Alissa Ohashi uses the word gaman—meaning “to bear the unbearable with dignity and grace” in Japanese—to describe the ancestral trauma in her mixed-media collages. Ohashi’s signature installation, Who We Are, investigates the artist’s Japanese-American heritage through a chaotic commingling of found objects, historical documents, and personal photographs. “To the best of my recollection, I have had this deep, unknown connection to imprisonment and freedom simultaneously,” says Ohashi, whose grandparents were forced into Japanese internment camps during WWII.
Based in Columbus, Ohio, Ohashi uses her collection of personal photographs to create a psychological family photo album full of lived and unlived memories. “My father was not present in my life between the ages of four and 19, and our relationship suffered,” she notes in her artist statement.
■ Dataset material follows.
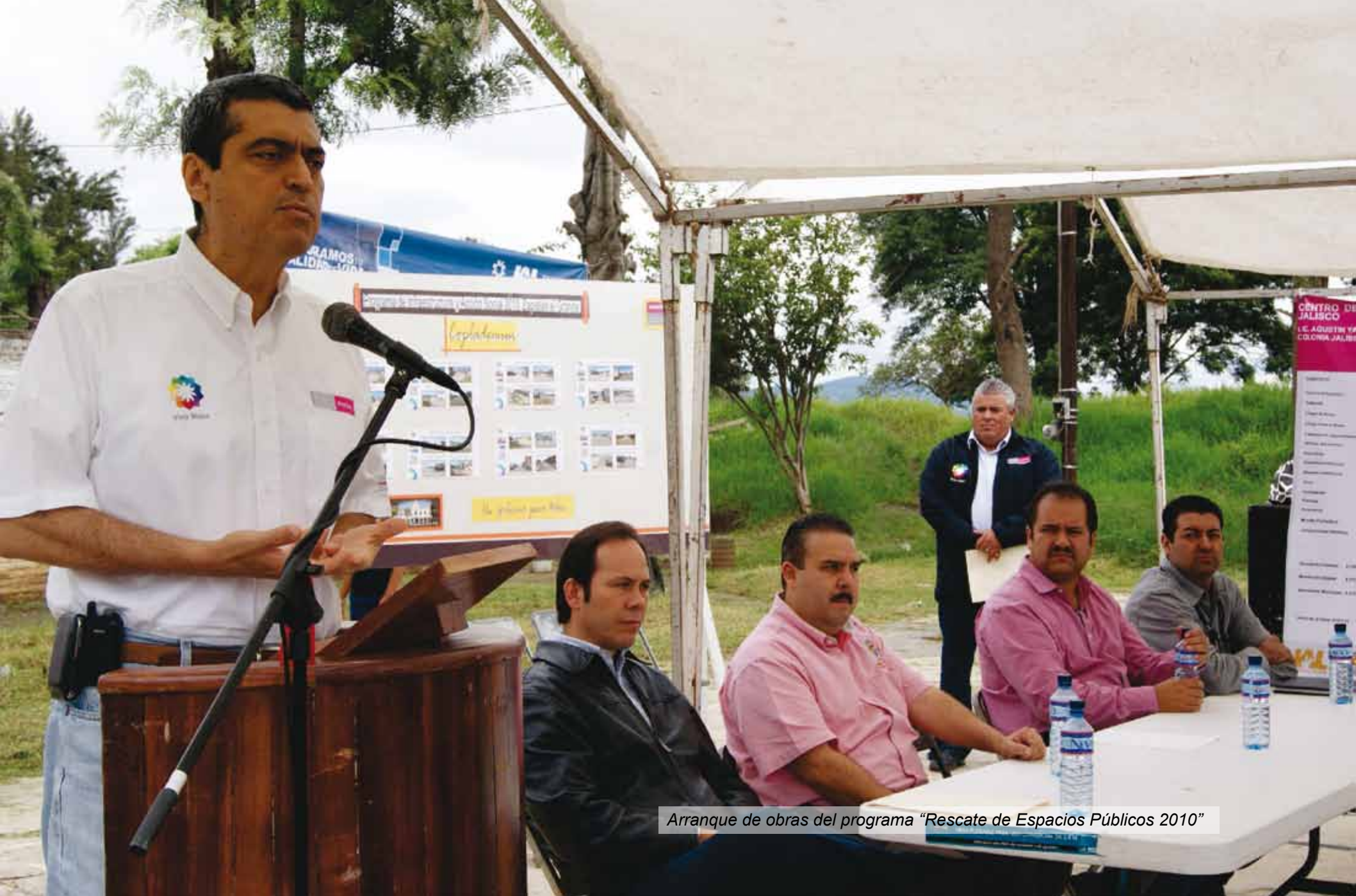
Arranque de obras del programa "Rescate de Espacios Públicos 2010"

They’ve since reunited, but her father’s one-time absence sparked in Ohashi the desire for an identity beyond what she could see. To find it, she’d have to go back in time.
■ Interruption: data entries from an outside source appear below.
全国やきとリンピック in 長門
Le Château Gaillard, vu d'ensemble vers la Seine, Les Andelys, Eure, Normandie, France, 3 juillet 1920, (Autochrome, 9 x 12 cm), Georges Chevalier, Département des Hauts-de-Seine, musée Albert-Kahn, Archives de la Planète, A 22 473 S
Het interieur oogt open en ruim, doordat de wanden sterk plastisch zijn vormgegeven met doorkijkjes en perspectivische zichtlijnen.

Ohashi absorbed herself in “deeper ethnographic and historical research” related to her family’s imprisonment during WWII. As she learned more about her identity, Ohashi reckoned with her painful history by bringing past and present together with manipulated photographs. Her work, barbed with painful past narratives and stitched-up portraiture, belies a tender curiosity about personal wounds, collective trauma, and the eternal quest for liberation.